For prosopagnosia, the typical lesion is the fusiform and/or lingular gyrus in the inferio-medial part of the temporo-occipital junction, mostly on the right side, or bilaterally (2). As this localization is adjacent to the visual cortices, it fits well with the clinical progression from concentric visual field restriction to prosopagnosia.
Due to the episodic nature of the condition, and its stereotypic association with the migraine syndrome, any other aetiology is unlikely in our patient. The time course and stereotypic nature of the episodes, with a gradual onset of visual symptoms over several minutes, gradual progression of the visual aura to prosopagnosia, the duration of 6 yearss as well as normal posterior circulation, make a vascular origin, most common in prosopagnosia, unlikely. For the same reasons, an epileptic origin is unlikely, where, in addition, positive symptoms and/or signs would be expected. The diminished migraine frequency, including the prosopagnostic auras, when on β-blockers is another argument in favour of a migrainous aetiology. Nor can aetiologies of non-episodic nature, such as inflammation, tumour, head trauma, intoxication, etc., explain the condition.
Our patient, having suffered from migraine without aura since the age of 20, experienced aura symptoms for the first time at 52 yearss of age. The Framingham study showed that out of 2000 persons, in 1.33% of women and 1.08% of men, aura symptoms start late in life, but are not associated with an increased risk of cerebrovascular accidents (13).
Although the underlying pathophysiology is unknown, one may speculate that a slightly impaired blood supply due to a certain degree of atherosclerosis might suffice to increase the probability of cortical spreading depression (CSD), the most likely pathophysiological process in migraine aura (14, 15).

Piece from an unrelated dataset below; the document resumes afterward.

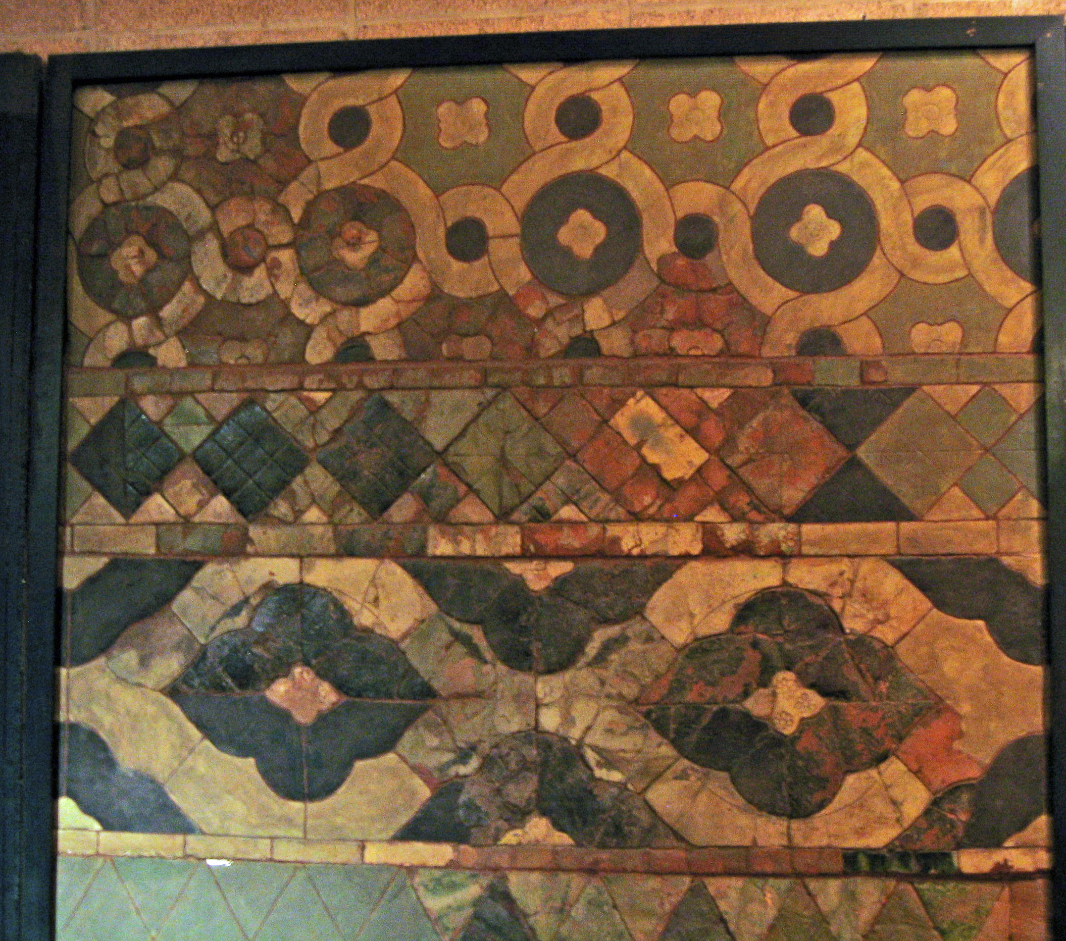 Photograph of a montage of mosaic tiles in Norton Priory Museum, near Runcorn, Cheshire, England

Our patient also suffered an episode of transient global amnesia (TGA). Although, the debate is still ongoing, the current understanding tends to favour CSD, rather than ischaemia or epilepsy, as the most likely underlying mechanism of TGA (14), which fits in well with the late occurrence of migraine aura.

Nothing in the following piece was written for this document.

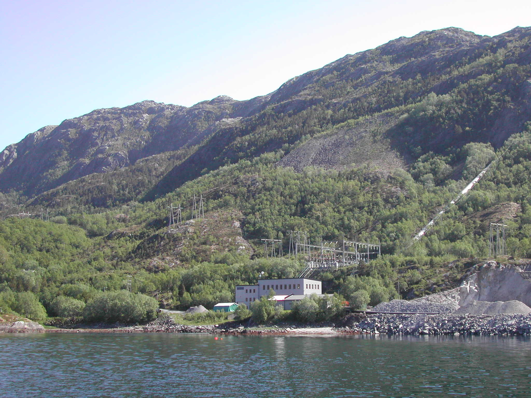 Grytåga power plant, Nordland, Norway

With the exception of aphasia, which occurs in up to 18% of migraine auras (16), neuropsychological abnormalities during migraine aura have rarely been described in the literature. There are few case reports on left-hemispheric disturbances, such as agraphia, as the only symptom of migraine aura (17), and alexia without agraphia during migraine aura (18, 19).

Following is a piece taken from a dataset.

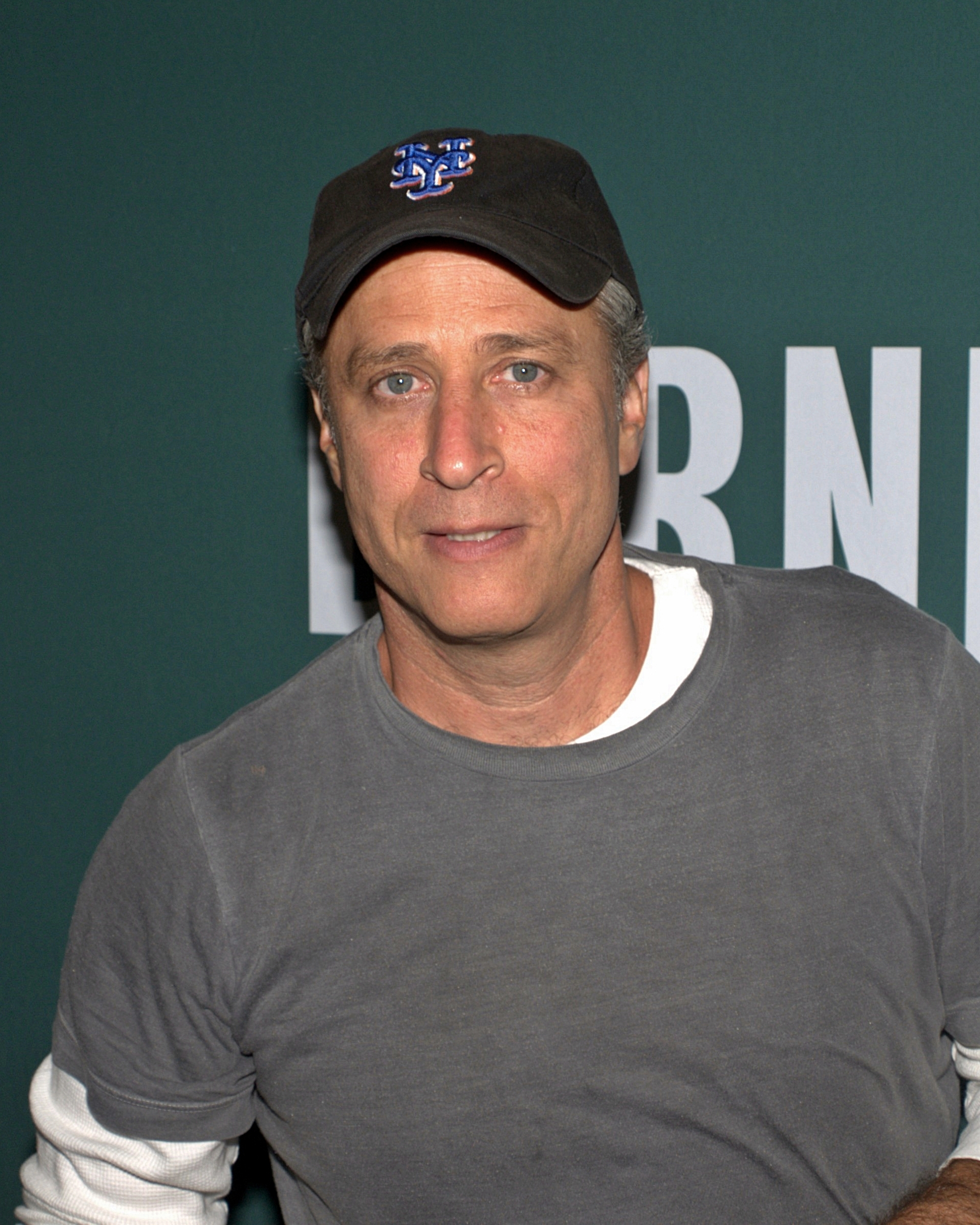 Jon Stewart at Barnes & Noble Union Square for the launch of Earth (The Book), the 2010 book from the writers of The Daily Show

To our knowledge, prosopagnosia has never been described as a stereotypically occurring and isolated neuropsychological abnormality as part of a migraine aura. However, there are three reports of patients with prosopagnosia as a part of a complex aura with several neuropsychological abnormalities. Sacks described a 75-year-old female patient in his book on migraine (20), where during the aura phase in a small subset of migraine attacks she experienced a sensation of altered and weakened perception of her body and was unable to identify or point to body parts on verbal instruction (autotopagnosia), a loss of meaning of the objects around her (object agnosia), as well as a change in the character of voices around her (acoustic agnosia), which were sometimes associated with prosopagnosia. Lawden et al. (21) report on two exceptional auras in a female, 49-year-old patient. In one aura a transient achromatopsia was associated with prosopagnosia, and in the second one, object agnosia was followed by prosopagnosia. This patient was reported to have experienced several auras with neuropsychological abnormalities subsequently, but without prosopagnosia. The third patient, reported by Martins et al. (22), experienced a single migraine aura with a complex right-hemispheric dysfunction, with an association of left-sided hemianopia, left-sided paresthesias, loss of topographic memory and prosopagnosia.
In brief, we describe a patient who has previously suffered from migraine without aura and who developed, at the age of 52, stereotypic migraine aura consisting of visual disturbances as well as prosopagnosia.